Climate law “transformative” for the car and energy industry

“A large portion of middle-class Americans will be able to get this credit that would otherwise have been blocked because of the credit limit,” said Joe Britton, executive director of the Zero Emission Transportation Association, of which Tesla is a member charger maker, Battery material suppliers and other companies related to electric vehicle business. “It’s a big deal.”

For the first time, used battery-powered cars would receive a tax credit of up to $4,000. This is important because most people buy used cars, not new ones. The median price of a new electric car has risen to over $60,000, which is prohibitive for many buyers, even considering the fuel and maintenance savings these vehicles offer.

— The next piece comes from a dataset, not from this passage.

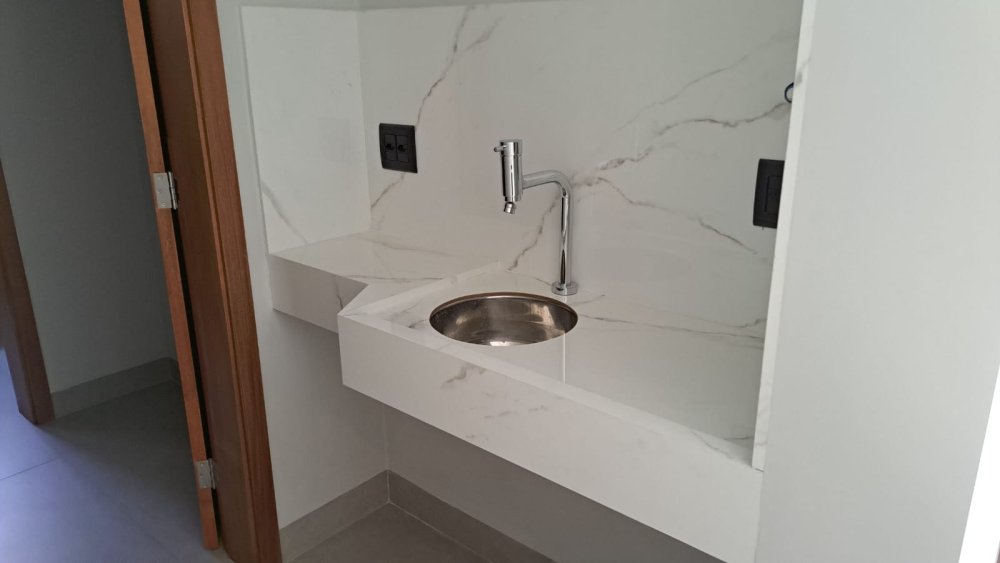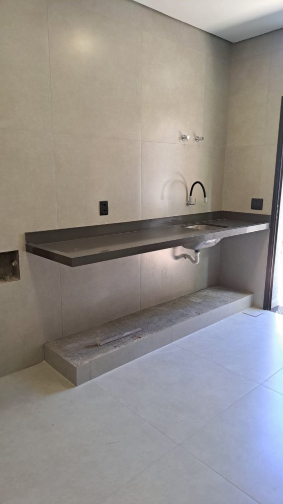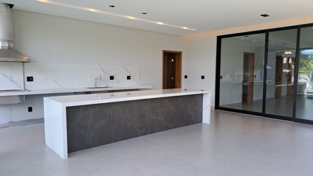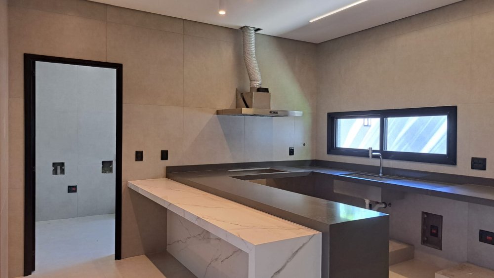 Iluminação com projeto luminotécnico instalado. Infra para Automação Eletrize com quadro de comandos, paisagismo, bancadas em quartzo e porcelanato, estrutura metálica, telhas termoacústicas (sanduíche), coifa e cubas de aço inox, metais Deca, fachada em pele de vidro, persianas automatizadas.

Individuals making more than $150,000 per year or couples making $300,000 or more would not qualify for new electric car incentives. The used car incentive income limits are $75,000 for individuals and $150,000 for couples. The credits do not apply to sedans listed for more than $55,000, vans, pickups and sport utility vehicles listed for more than $80,000.

“They’re trying to encourage acceptance among middle-class and lower-class buyers, and that’s a good thing,” said Akshay Singh, a partner at PwC, an accounting and advisory firm that specializes in the auto industry. “That’s where most of the market is.”

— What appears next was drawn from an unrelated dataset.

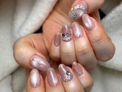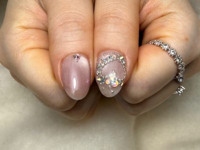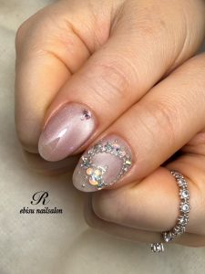 転職を考え中でおとなしめのネイルにしようと、でもキラキラは譲れない!と複雑な心境のお客様(*^_^*)

The more than 700-page bill never mentions China. But several regulations appear aimed at undermining that country’s grip on the electric vehicle supply chain, while making it harder for emerging Chinese automakers to export cars to the United States.

As it stands, the 200,000-vehicle cap on tax credits would provide a competitive advantage for newcomers like China’s BYD, which are expected to adopt EVs to enter the US market. They could have benefited from the loan while Tesla, the Texas-based company, couldn’t.